HPC: Downtime due to Power Maintenance

2023-05-09 7am

2023/05/09 by

For several hours, the power supply of the L5|08 building will be completely shut down for maintenance.

2023-05-11 – The HPC cluster is up and running in normal operations.

Delicately debugging internal (disk) states together with the manufacturer has identified the culprits, and the shared file system is up and running again.

2023-05-09:

Today's core work of maintaining/replacing the 24kV and 400V power circuit breakers was completed around noon, yet problems in the central cluster-wide file system spoil again getting the cluster up and running.

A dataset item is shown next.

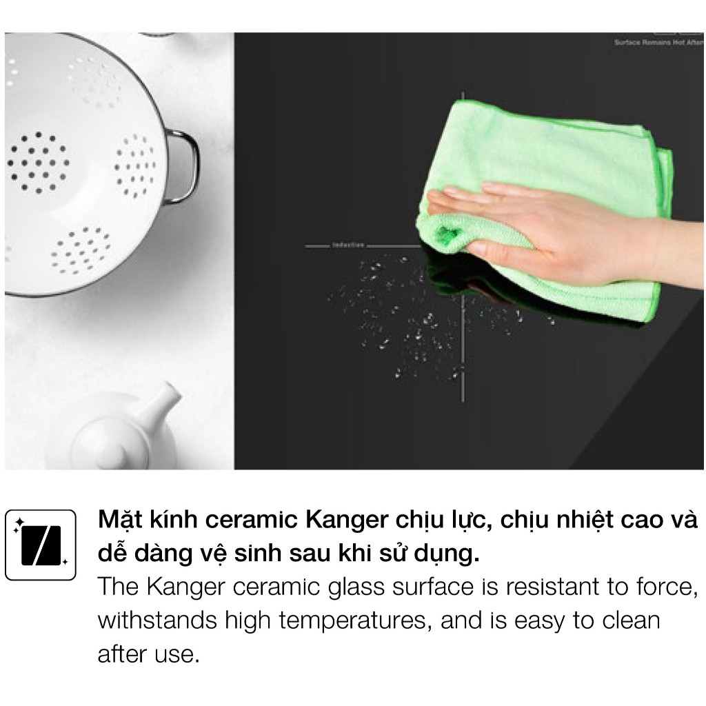 Công suất lớn lên đến 3000W, xào nấu nhanh chóng. Mặt kính ceramic Kanger chịu lực, chịu nhiệt cao và dễ dàng vệ sinh sau khi sử dụng. Điều khiển cảm ứng kết hợp núm vặn cùng 9 mức nhiệt giúp bạn điều chỉnh nhiệt độ phù hợp với nhu cầu nấu nướng tiện lợi.

___________________________________

On Tuesday, 2023-05-09 at 7am, the Lichtenberg HPC will have to be shut down for ~1 day (including login nodes), because the power to the whole building L5|08 needs to be switched off.

Reason is the maintenance / replacement of several main circuit breakers in the building's medium (20kV) and lower voltage (400V) section, required by law to be done every 10 years.

Though we expect the maintenance to last no longer than 4h, the usual “unexpected” imponderabilities prompt us to announce the downtime for the whole day nonetheless.

As soon as the workings are finished, we will inform you on the [HPC-Nutzer] mailing list and on this HPC News page.

You do not need to do anything with respect to your (running or pending) batch jobs. The scheduler knows about the downtime and will

  • start pending jobs only if these will be safely finished before the downtime and
  • hold all others until after the downtime and recommencing of the normal scheduling.